“What’s wrong with a little optimism?”

That’s what Trump economic advisor Larry Kudlow said about the economy last weekend, but he could have been talking about the administration’s approach to environmental regulation. While Trump’s opponents in the environmental activist community see a future dominated by doom and gloom, the administration sees a glass half full—and getting fuller.

Which explains their new revised rules for the 1973 Endangered Species Act (ESA). Stories of ridiculous regulatory overreach under the current ESA are legion, from pedestrian tunnels built for an (allegedly) endangered mouse in Colorado to stopping construction of a $15 million overpass to accommodate a single spider.

As a result of overly-expansive impacts, the ESA is costing Americans billions of dollars a year in economic development and compliance costs. The Trump administration believes that a few minor tweaks can prevent some of the worst government excesses while still protecting truly endangered species.

“The best way to uphold the Endangered Species Act is to do everything we can to ensure it remains effective in achieving its ultimate goal—recovery of our rarest species. The Act’s effectiveness rests on clear, consistent and efficient implementation,” Interior Secretary David Bernhardt said in a statement.

“The revisions finalized with this rulemaking fit squarely within the President’s mandate of easing the regulatory burden on the American public, without sacrificing our species’ protection and recovery goals,” added U.S. Secretary of Commerce Wilbur Ross. “These changes were subject to a robust, transparent public process, during which we received significant public input that helped us finalize these rules.”

Not surprisingly, the reaction from Trump’s opponents was swift and severe.

“Trump administration moves to gut Endangered Species Act,” announced CNN.

“The New Threat to Endangered Species?” asked one New York Times headline. “The Trump Administration.”

One NBC affiliate in Miami simply went with the headline “I’m Scared,” uncritically quoting a “wildlife expert” from the local zoo.

Turns out, there’s nothing to be afraid of.

The truth is that with the ESA on the books for nearly half a century, the government agencies that enforce it have decades of scientific evidence at their disposal to evaluate how successful the act has been in its stated goal of “safeguarding, for the benefit of all citizens, the Nation’s heritage in fish, wildlife, and plants.”

And while the act boasts some success stories, with less than a 2 percent rate of recovering and delisting endangered species, there’s plenty of room for improvement. One of the most significant changes is the removal of the so-called “blanket rule,” actually restores the intent of the original law from regulatory changes made in 1978 that erased any meaningful distinction between “endangered” and “threatened” species under the law.

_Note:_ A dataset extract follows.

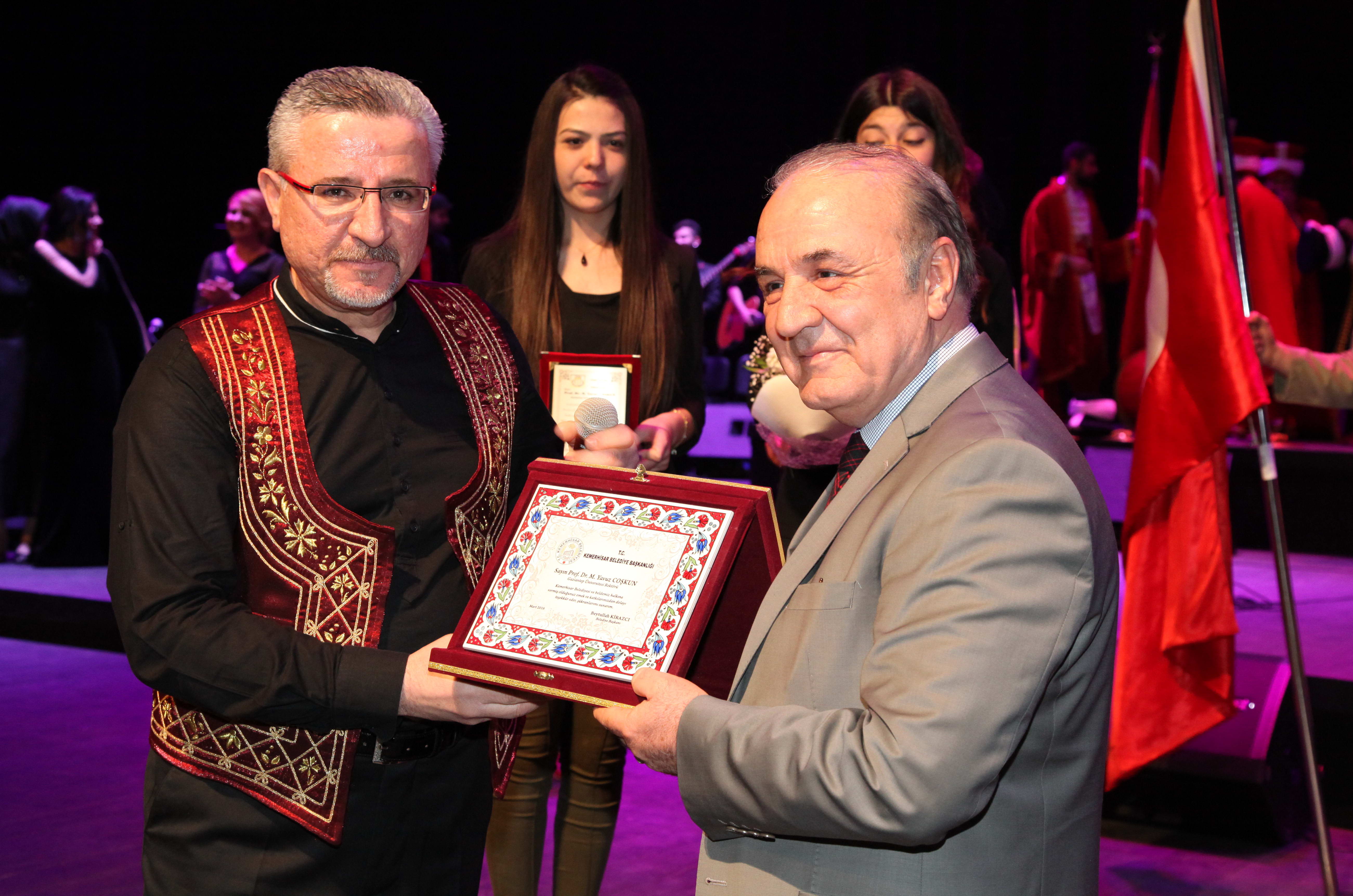 San. Öğr. Elm. Dr. Hakan Tatyüz’e ve ekibe gecenin anısına çiçek takdim eden Rektör Prof. Dr. Yavuz Coşkun, konseri dinlerken oldukça duygulandığını belirttiği konuşmasında, “Gözleri yaşarmayan var mı? Her sene bu konseri dinlerim. Her seferinde gözlerim yaşarır. Akif’in ‘Sana dar gelmeyecek makberi kimler kazsın, gömelim gel seni tarihe desem sığmazsın’ dediği şehitlerimiz, o değerli şerefli insanlar sayesinde bu vatan ayakta. Biz onları unutmadık, unutturmayacağız da. Onlar bu vatanı bize emanet ettiler. Biz de bu vatanı Büyük Atatürk’ün söylediği gibi payidar kılmak için herkes hepimiz birlikte yürek yüreğe, kol kola omuz omuza çalışacağız” dedi.

While having a “blanket rule” in place to treat all threatened species as endangered by default and prohibit their take (meaning their harm, hunting or capture) under any circumstances might seem beneficial, the data increasingly shows that it has been counterproductive to actually recovering threatened species. With 90 percent of endangered species on private rather than federal land, it is critical that the law creates positive incentives for landowners to preserve habitat, which often includes allowing some take under limited circumstances.

One 1998 study identified the perverse incentives to landowners to quietly destroy habitat as the “shoot, shovel, and shut up” strategy. This research confirmed previous studies that this practice is “‘one reason why so many species are teetering on the very brink of extinction.”

As a result, multiple presidential administrations have had to carve out numerous species-specific 4(d) exceptions to the “blanket rule” in order to best preserve species on a case-by-case basis. The Trump administration’s new rule simply codifies the existing practice and aligns the Fish and Wildlife Service with the processes of other federal departments.

In another change opposed by environmental activists, the new reforms will allow federal agencies to determine the economic impact of listing species as endangered and make the data available to the public in the interest of transparency, “as long as doing so does not influence the listing determination.” The reaction from the press has been a flurry of erroneous reports that the Trump administration was using economic considerations to decide whether to protect a species or not.  NPR, for example, was forced to run a correction after their initial reporting acknowledging they had misrepresented the reforms.

In a different political environment, it’s possible that these measured reforms to the ESA against a backdrop of billions in lost wealth and property values would enjoy bipartisan support The act that multiple administrations have had to issue waivers shows that the problem is real.

Unfortunately, in the era of Trump, nothing is more endangered than bipartisanship.